Start of Exercise inputs

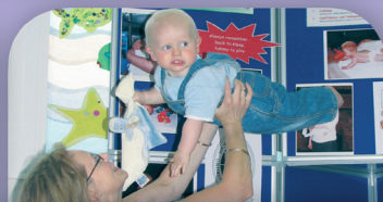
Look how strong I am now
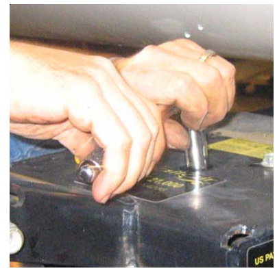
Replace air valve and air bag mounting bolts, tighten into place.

End of Exercise inputs
Start of Exercise inputs

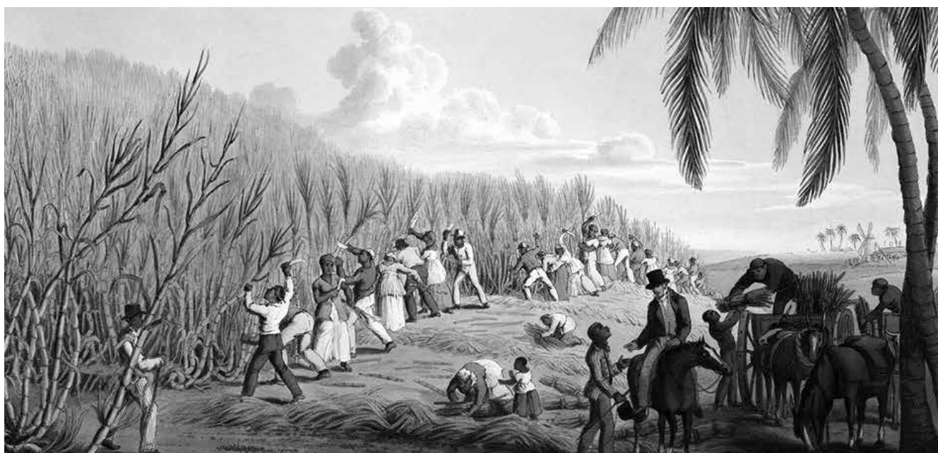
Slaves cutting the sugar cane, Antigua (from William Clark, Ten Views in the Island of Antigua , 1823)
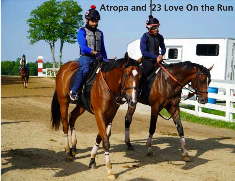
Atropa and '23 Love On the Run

End of Exercise inputs

Problem statement:
An exact copy is needed of the stretch above that opens with the line containing "Look how strong I am now" and closes with the line containing "Replace air valve"; the pictures are not part of it.

Exercise solution:
Look how strong I am now
Replace air valve and air bag mounting bolts, tighten into place.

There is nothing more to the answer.